The expression "bucket list" has become a popular way to think of the things we want to do, the places we hope to visit, the projects we plan to complete before we die... or, if you will, before we "kick the bucket." That list might change as one year turns into another or as aging reorders our priorities. The list might shrink because of a lack of financial resources or out of shifting interests. And maybe that list doesn't yet exist because we don't like to think about not being around to do what we want to do.

Death is a difficult subject. Yet it is a given. So, we do well to think about it, talk about it, be prepared for it, and even plan on it. Maybe we could shift our focus a bit away from "kicking the bucket" and think about a missing list. What's missing in our life today? What do we feel a need for? Who do we hope to yet become? This isn't so much a matter of wishing or dreaming or even hoping. It's about figuring out what is most important while we are alive. And then not avoiding it or putting it off.

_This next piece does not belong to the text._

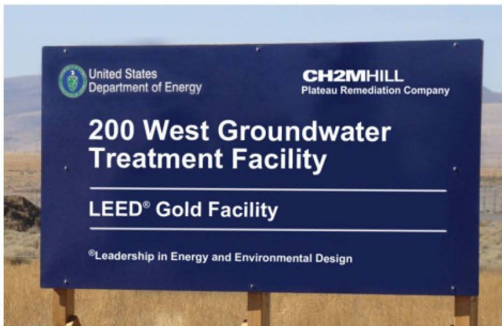
Figure 1 - LEED Gold Facility

There were many contractual, technical, configuration management, quality, safety, and LEED challenges associated with the design, procurement, construction, and commissioning of this $95 million, 52,000 ft groundwater pump and treatment facility. This paper will present the Project and LEED accomplishments, as well as Lessons Learned by CHPRC when additional ARRA funds were used to accelerate design, procurement, construction, and commissioning of the 200 West Groundwater Pump and Treatment (2W P&T) Facility to meet DOE's mission of treating contaminated groundwater at the Hanford Site with a new facility by June 28, 2012.
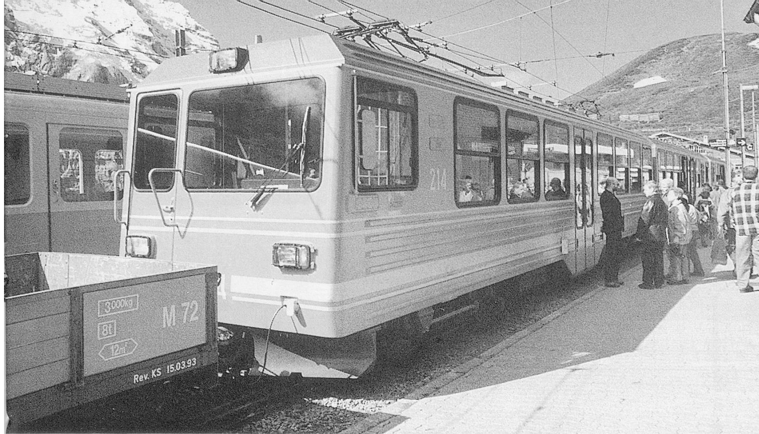
Jungfrauabahn Bhe4/8 No.214 at Kleine Scheidegg.

On the third day we decided to go over the Brünig pass. We caught the usual BOB train into Interlaken Ost where we changed to the SBB's only metre gauge route. On the approach to Meiringen I noticed an old Appenzeller Bahn locomotive tucked behind one of the sheds. I'm not sure what it was doing there and unfortunately I was unable to take a photograph. On the return trip we had time to kill at Meiringen. The expected tramcar had vanished from the Innertkirchen line, in its place BOB Triebwagen No.301 was being used as a solo unit. We took to the water at Brienz, a lake trip is as much a must and when it's on P/S Lötschberg , well it's history.

Maybe the missing list is a way of considering living to be more than a matter of survival. Although surviving is important. An associate editor of The Christian Century magazine writes of her bedtime routine with her son. They do "breathing exercises" and then "body scan meditations for anxiety." And finally, she reports, "my son goes over his plans with me for how he will survive a school shooting." She carefully reassures him, "Those are good plans," because she has come to understand that saying "Don't worry" or "You'll be safe at school" doesn't help. Perhaps it is her presence at his bedside that is most reassuring. She is there. She is listening. There is nothing more pressing for her at that moment than what she is doing and for whom she is doing it.

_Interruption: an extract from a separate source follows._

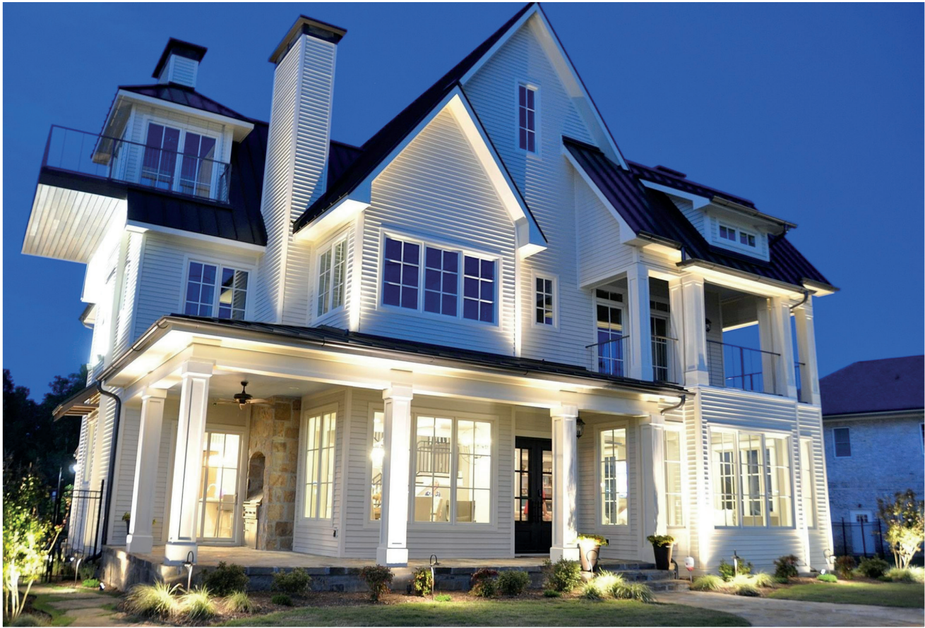
Rockwater house at night

When I was a child, I said prayers at bedtime. The world has changed. So has being prepared for another day. Is there anything or anyone missing from our plans for today? Is there anyone in our lives who reassures us with the carefully chosen words, "Those are good plans"? I like to think that our Creator who has given us the breath in our lungs and a body to inhabit (and scan for anxiety) is present and listening with nothing more pressing to do than to be with us. And for us. At least for another day.